Musso, Chetcuti & Pino: quand nos boulangers parlaient italien
publié par Hatem BOURIAL
L’expression « khobz talian » revenait souvent dans notre langage quotidien. Elle n’est plus usitée depuis que les gros pains ont peu à peu disparu au profit de la baguette.
En effet, jusqu’aux années 1970, les pains vendus chez nos boulangers répondaient souvent à des appellations ethniques, si vous permettez l’expression.
On parlait ainsi aussi bien de pain « arbi », « talian », « viennois » ou encore « francis ». Ainsi, par exemple, le « khobz arbi » qui sortait du four du quartier se déclinait selon deux grandes variétés « tbaq » et « smid » qui avaient une apparence et un goût différents.
Ceci dit, le « khobz talian » avait les faveurs de tous et a continué à être demandé bien longtemps après le départ des artisans italiens. De fait, la qualité de ce pain et sa singularité se sont peu à peu dégradés.
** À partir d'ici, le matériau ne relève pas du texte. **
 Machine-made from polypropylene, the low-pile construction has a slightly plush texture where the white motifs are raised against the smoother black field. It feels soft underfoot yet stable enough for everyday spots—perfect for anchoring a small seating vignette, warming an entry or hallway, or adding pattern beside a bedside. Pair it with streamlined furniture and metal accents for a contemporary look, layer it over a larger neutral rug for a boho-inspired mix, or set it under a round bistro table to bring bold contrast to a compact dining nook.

Le nom était resté mais désignait tout autre chose: un pain grossier à la farine trop raffinée et à la cuisson imparfaite.
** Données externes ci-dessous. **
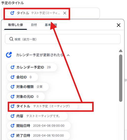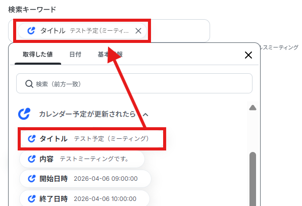 「予定のタイトル」は「カレンダー予定が更新されたら」で取得した値から入力します。

Devant cette dégringolade qualitative, le pain « talian » finira par tirer sa révérence et disparaître de nos radars. De nos jours, c’est le règne incontestable d’une baguette aussi normée qu’insipide et indigeste.
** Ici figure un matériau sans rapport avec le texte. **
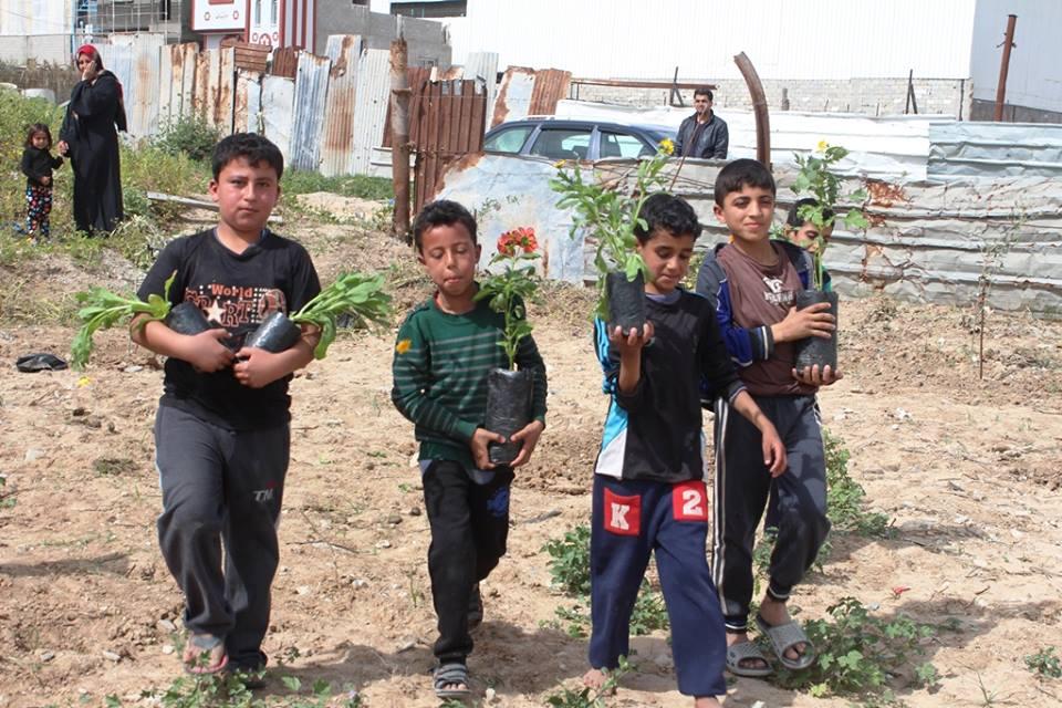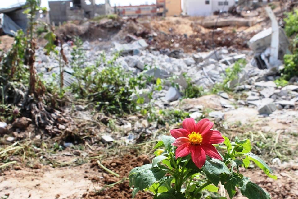 اطفال الشجاعية يزرعون الورود بين بيوتهم المُدمرة

Il n’en a pas toujours été ainsi. Car chez certains boulangers d’origine italienne ou maltaise, le pain était un véritable festin. Chaque ville avait ses boulangers italiens attitrés qui apportaient de la diversité sur nos tables.
C’est par exemple le cas du fameux Saliba à Grombalia et c’est aussi ce qui a fait les parcours de Musso, Chetcuti, Cupioli ou Pino à Tunis. Il est d’ailleurs certain que chacun de nos lecteurs pourrait citer une lignée de boulangers italiens qu’il soient de Sousse, Sfax, Bizerte (Ex: Martinelli) ou ailleurs.
Ce dont je me souviens bien dans ces boulangeries, ce sont les grands présentoirs et aussi les coupoirs qui servaient à débiter le pain. En ce temps, le pain d’un kilo était monnaie courante et on se contentait parfois d’une simple tranche.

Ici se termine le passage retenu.